As China has no marketplace for forward, futures, options, speculative funds could not snatch money as easily as they did in Thailand and Japan in the 1990s, said Yu. They could only sneak into China through exchanges into renminbi or large-scale purchase of local goods.

China does not allow free capital flow as the case in some Southeast Asian countries. Once the hot money enters into China, it is hard to flee away, said Wu Nianlu.

In the past two years, speculators began to invest in China's real estate, which is considered a "safe" way to make money. China 's housing price has kept rising sharply despite the macro-control and government warnings about "bubbles", which were partly caused by the entry of hot money, analysts acknowledged.

If China does not loosen the yuan's exchange rate, large inflow of hot money would cause inflation and the speculators expect to make profits out of rising prices.

But, experts noted this was also unlikely to happen. China's macro-economic control has proved to be quite effective and China has the ability to prevent inflation through new rounds of macro- economic control.

During the Asian financial crisis, China maintained the basic stability of yuan and made contributions to the region and even the international financial market as a whole.
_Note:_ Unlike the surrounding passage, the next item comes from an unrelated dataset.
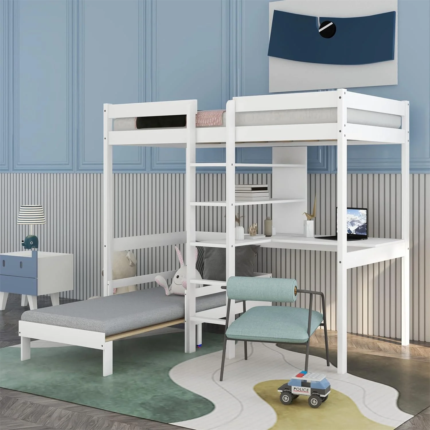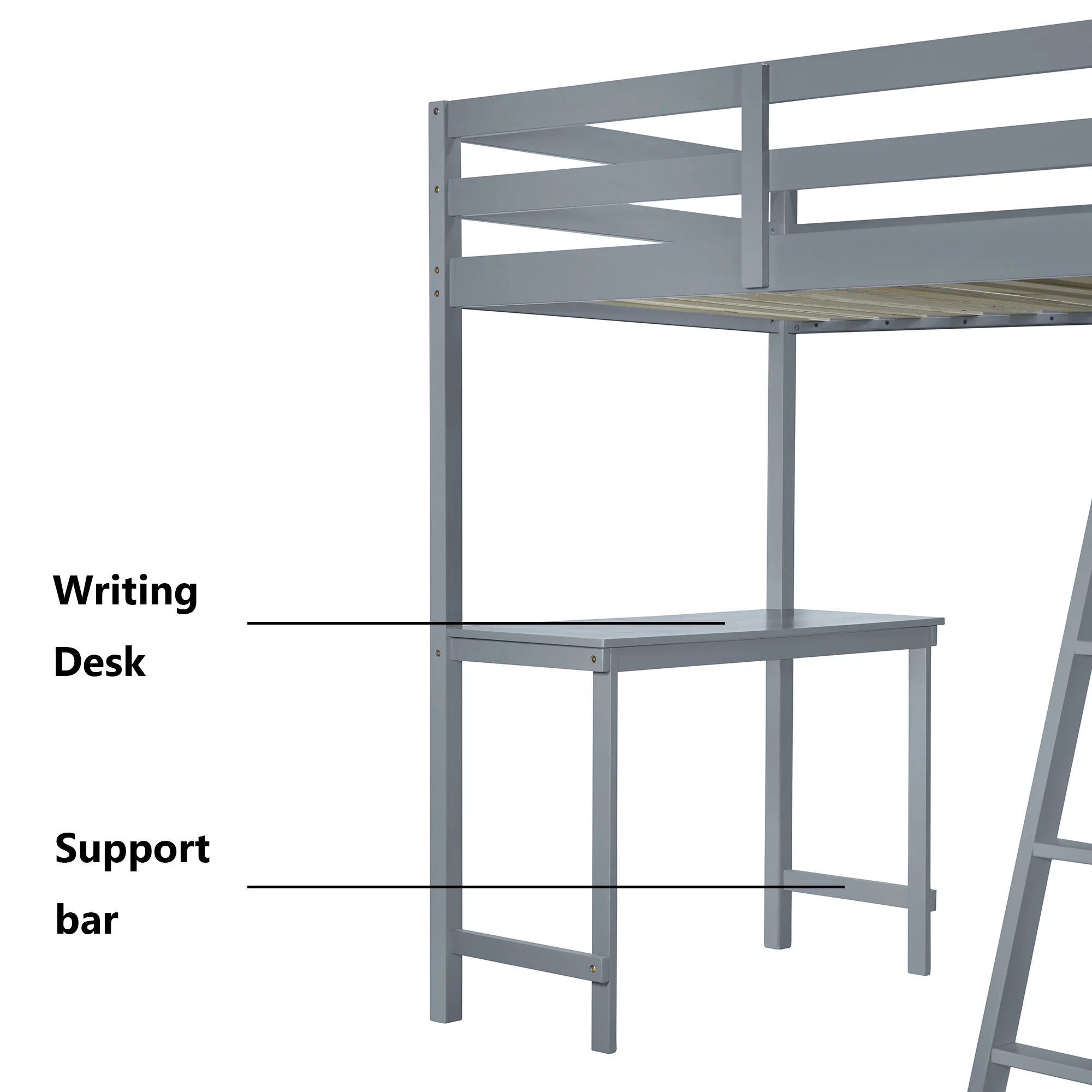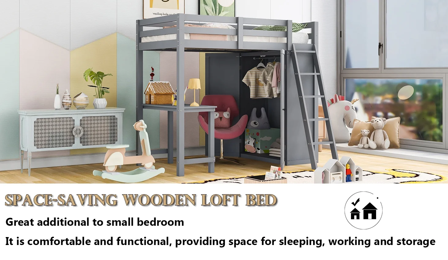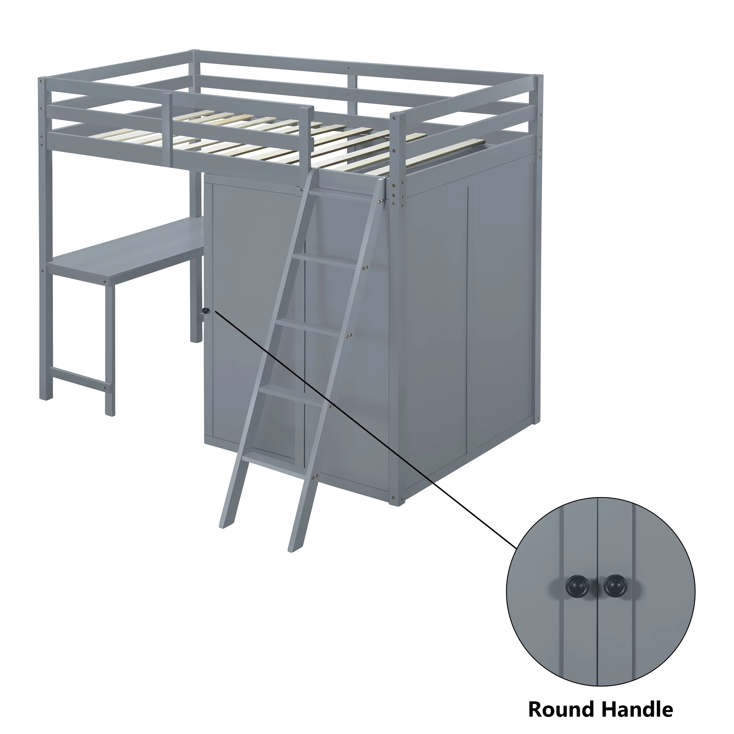Churanty Twin Size Loft Bed with Wardrobe and Desk for Kids, Wood High Twin Loft Bed Frame with Shelves,Gray

Facing pressures to revalue its currency, China has told the world it will reform its foreign exchange system, but all on the basis of stability and in a gradual way.

The yuan exchange rate has for many years been a managed, floating one based on market supply and demand, but moves within a very narrow band.

In fresh initiatives that economists said were to ease the call for yuan appreciation, the State Administration of Foreign Exchange issued new rules to facilitate the transfer of personal properties denominated in foreign currencies abroad and the use of foreign exchange by Chinese students to study overseas.

The People's Bank of China, or the central bank, has also hiked the benchmark interest rate of US dollar deposits for commercial banks.

President Hu Jintao said during a meeting with US President George W. Bush in Chile a week ago that his country planned to further push forward the floating of exchange rate + but only under the right conditions.

Under the commitment to the World Trade Organization three years ago, China gave no timetable for the exchange rate's liberalization.